◆ DATA EXTRACT ◆
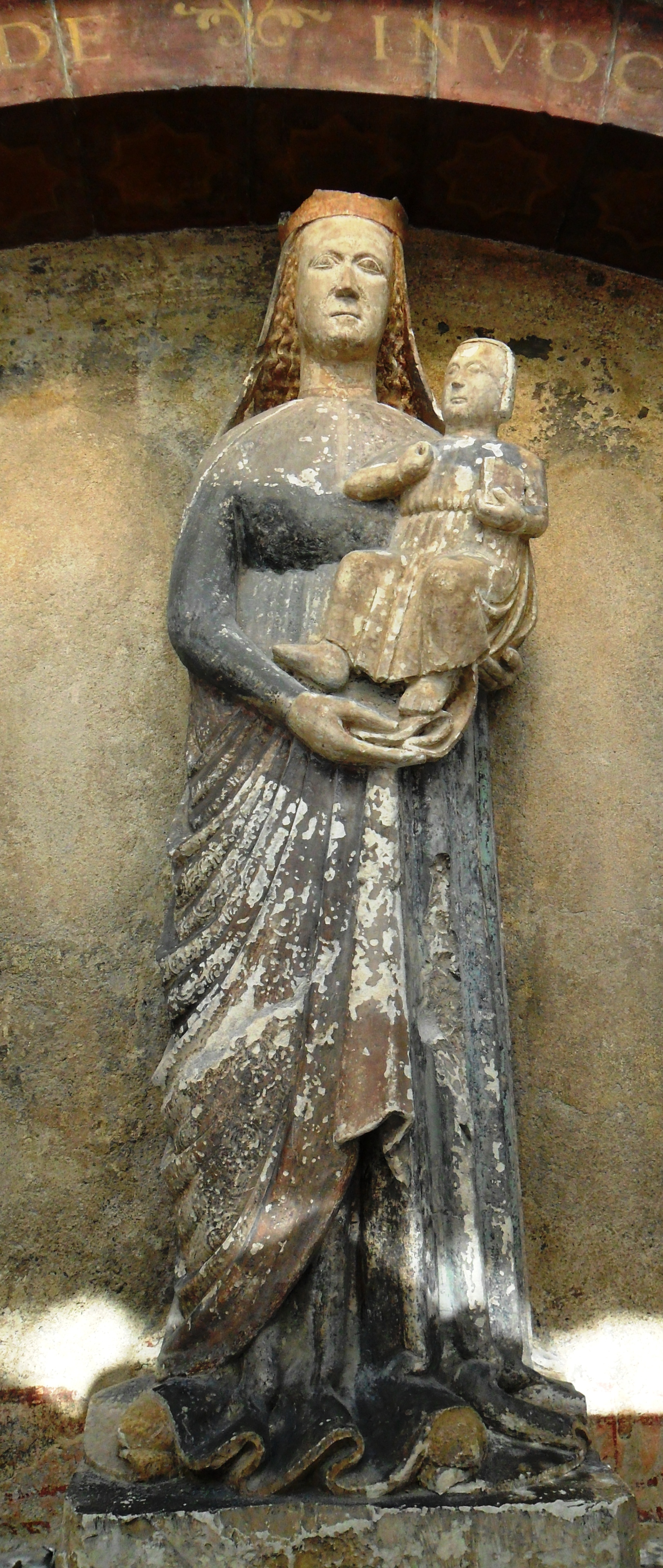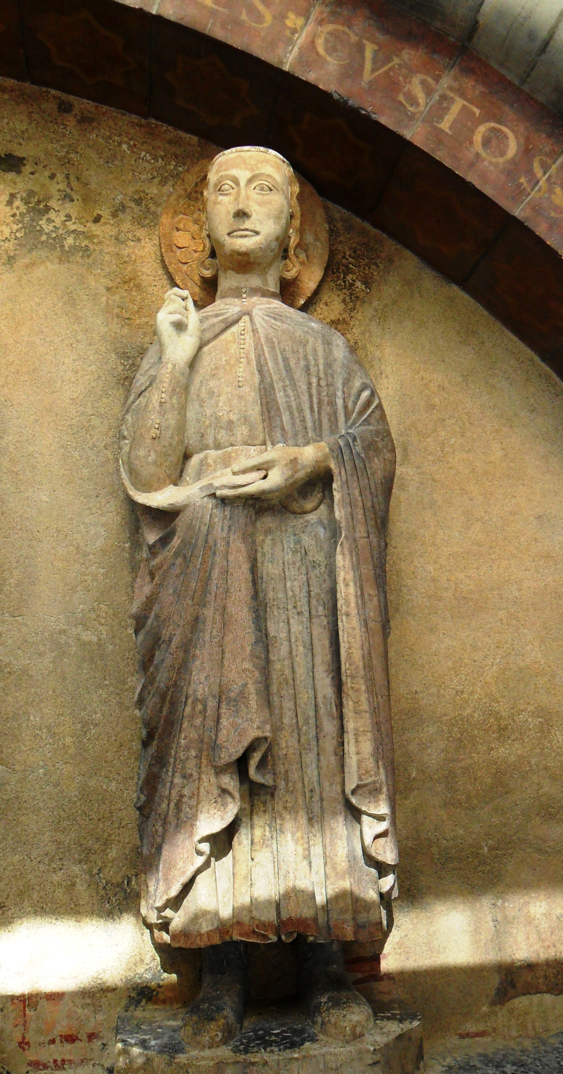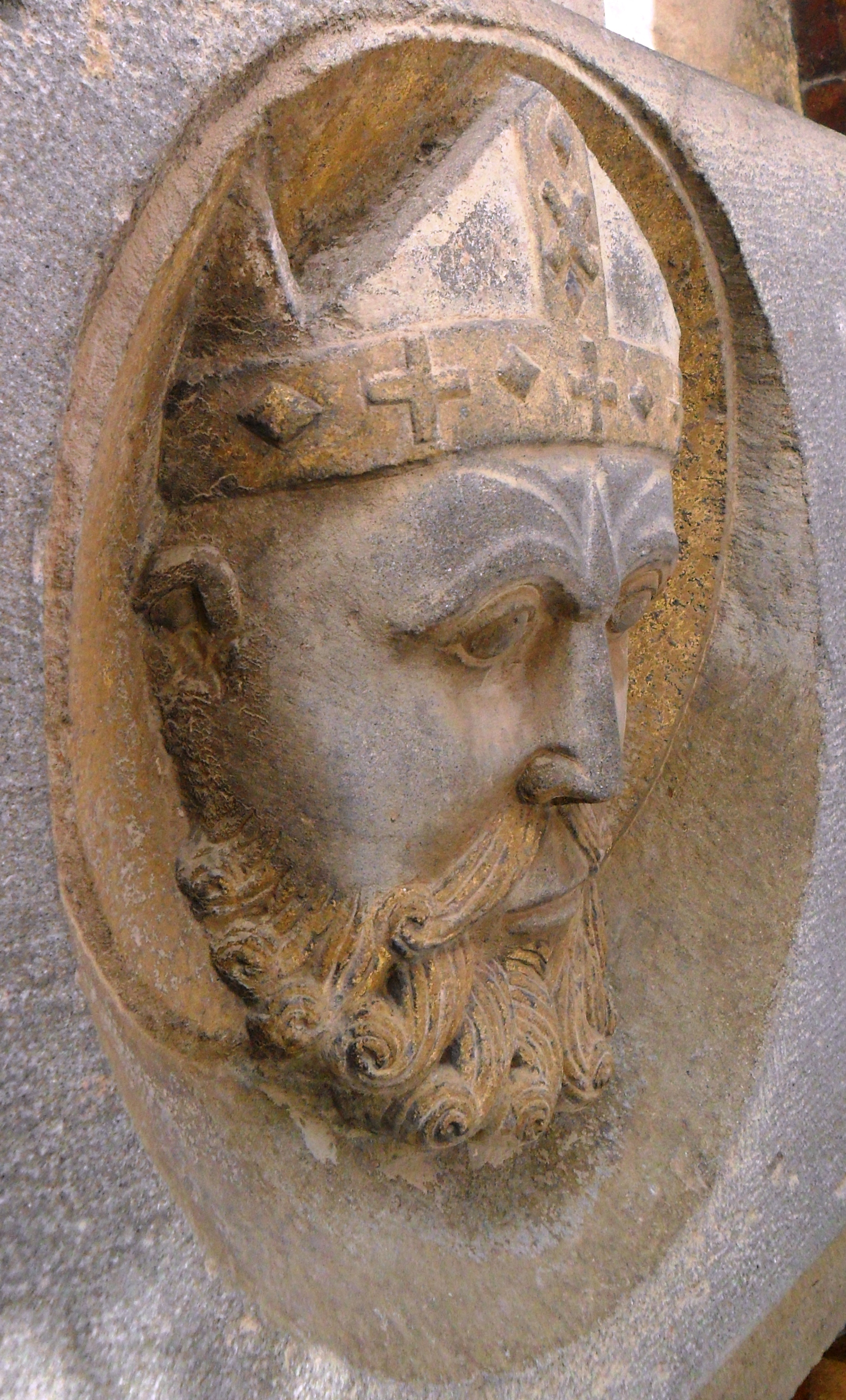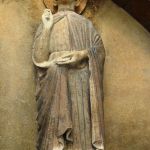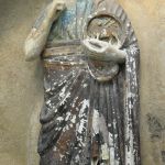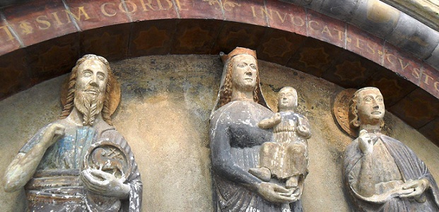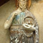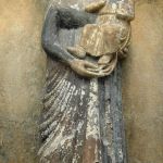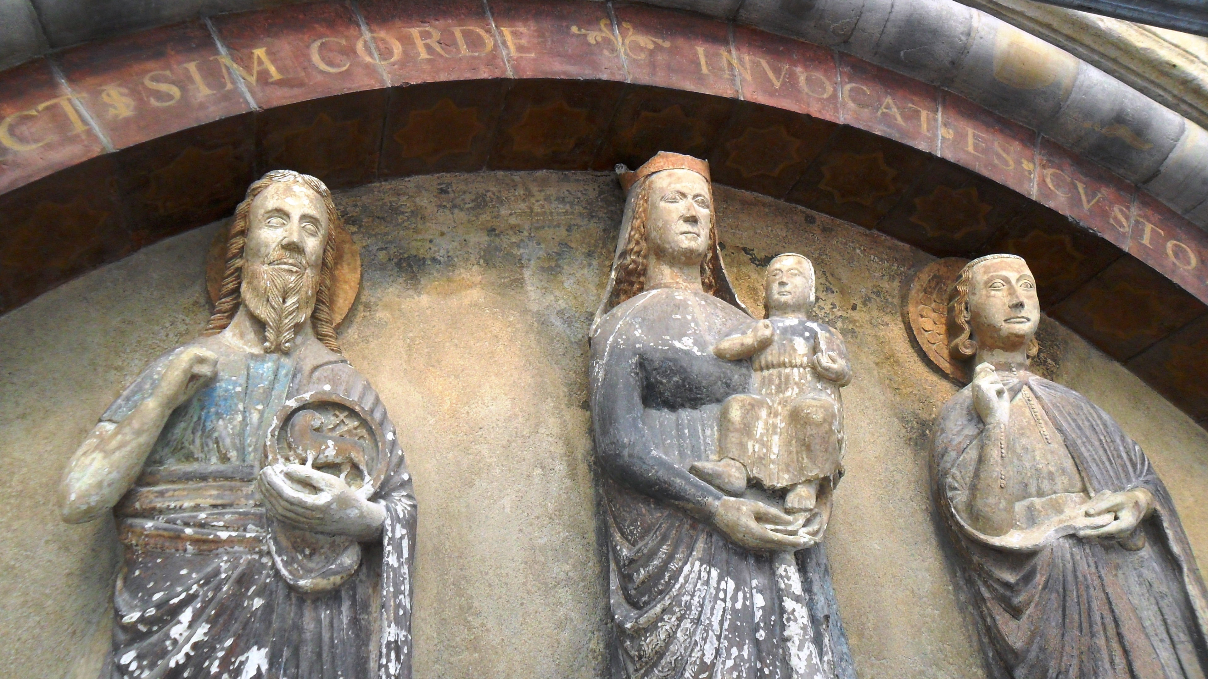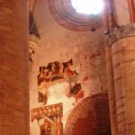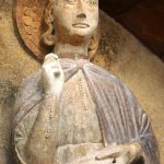 L’attenzione ora si focalizza sulla lunetta che sormonta il portale d’accesso, un vano delimitato da un arco a tutto sesto che ospita le statue della Vergine con il Bambino, San Pantaleone e San Giovanni Battista, probabilmente aggiunte in un secondo tempo rispetto alla costruzione della facciata romanica. Il restauro ha permesso di recuperare dettagli preziosi, come tracce di decorazione sul panneggio della Vergine, bottoni e rifiniture sull’abito di San Pantaleone o il simbolo tra le mani del Battista. Sull’architrave del portale compaiono, ora con maggior nitidezza, i cinque clipei decorativi: al centro l’Agnello, a sinistra il Clero e il Monaco, a destra il Vescovo e il Laico, che con la pulitura mostrano frammenti di pittura a foglia d’oro, rinvenuti anche su aureole, capelli e rifiniture delle statue sovrastanti. “Le statue in marmo sono state ricoperte da un intonaco fatto di calce e colore, che con il tempo è “scoppiato” – spiega Michele Bernardi, restauratore delle parti in pietra – Dopo aver estratto i sali è stata riadeguata la pellicola pittorica, ora è il mometno di stuccare le parti danneggiate con calce e polvere di marmo”.
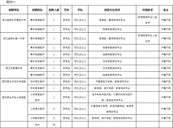 具體崗位計(jì)劃、資格要求詳見《2022年桐鄉(xiāng)市教育系統(tǒng)招聘高層次人才崗位計(jì)劃表》(附件1)。
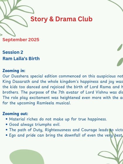 In our Story and Drama club, children dive deep into Indian epics like the Ramayana and Mahabharata. We use role-playing, drama exercises, and storytelling to explore timeless lessons on courage, focus, and righteousness in a fun, engaging way.
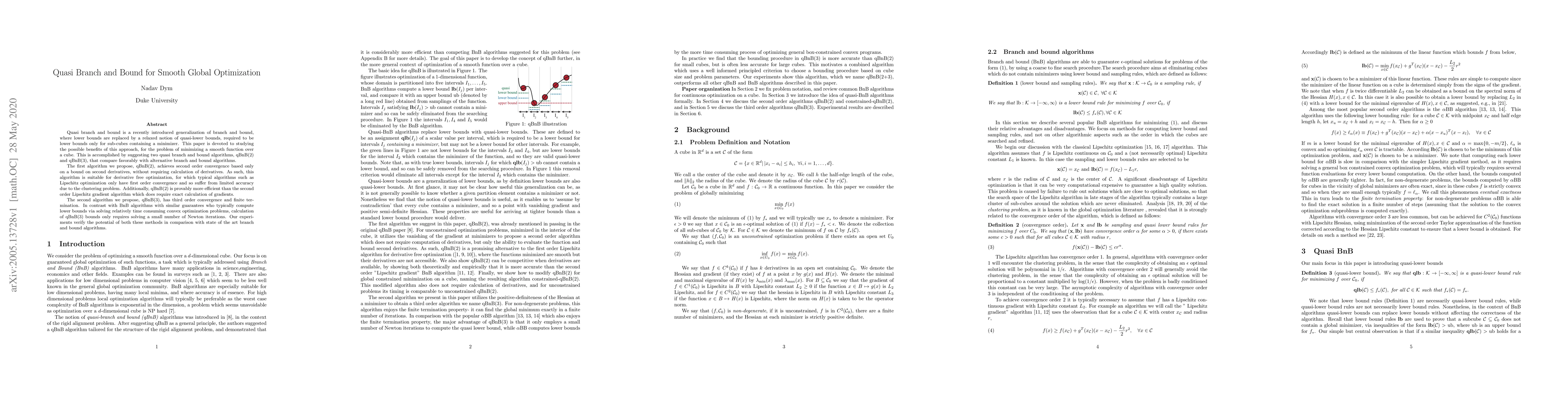 Two quasi branch and bound algorithms improve upon traditional methods for smooth global optimization by achieving second and third order convergence with reduced computational requirements.

◆ REQUIRED ACTION ◆
Extract all the data above exactly, excluding every picture.

◆ WRITTEN SOLUTION ◆
 L’attenzione ora si focalizza sulla lunetta che sormonta il portale d’accesso, un vano delimitato da un arco a tutto sesto che ospita le statue della Vergine con il Bambino, San Pantaleone e San Giovanni Battista, probabilmente aggiunte in un secondo tempo rispetto alla costruzione della facciata romanica. Il restauro ha permesso di recuperare dettagli preziosi, come tracce di decorazione sul panneggio della Vergine, bottoni e rifiniture sull’abito di San Pantaleone o il simbolo tra le mani del Battista. Sull’architrave del portale compaiono, ora con maggior nitidezza, i cinque clipei decorativi: al centro l’Agnello, a sinistra il Clero e il Monaco, a destra il Vescovo e il Laico, che con la pulitura mostrano frammenti di pittura a foglia d’oro, rinvenuti anche su aureole, capelli e rifiniture delle statue sovrastanti. “Le statue in marmo sono state ricoperte da un intonaco fatto di calce e colore, che con il tempo è “scoppiato” – spiega Michele Bernardi, restauratore delle parti in pietra – Dopo aver estratto i sali è stata riadeguata la pellicola pittorica, ora è il mometno di stuccare le parti danneggiate con calce e polvere di marmo”.
 具體崗位計(jì)劃、資格要求詳見《2022年桐鄉(xiāng)市教育系統(tǒng)招聘高層次人才崗位計(jì)劃表》(附件1)。
 In our Story and Drama club, children dive deep into Indian epics like the Ramayana and Mahabharata. We use role-playing, drama exercises, and storytelling to explore timeless lessons on courage, focus, and righteousness in a fun, engaging way.
 Two quasi branch and bound algorithms improve upon traditional methods for smooth global optimization by achieving second and third order convergence with reduced computational requirements.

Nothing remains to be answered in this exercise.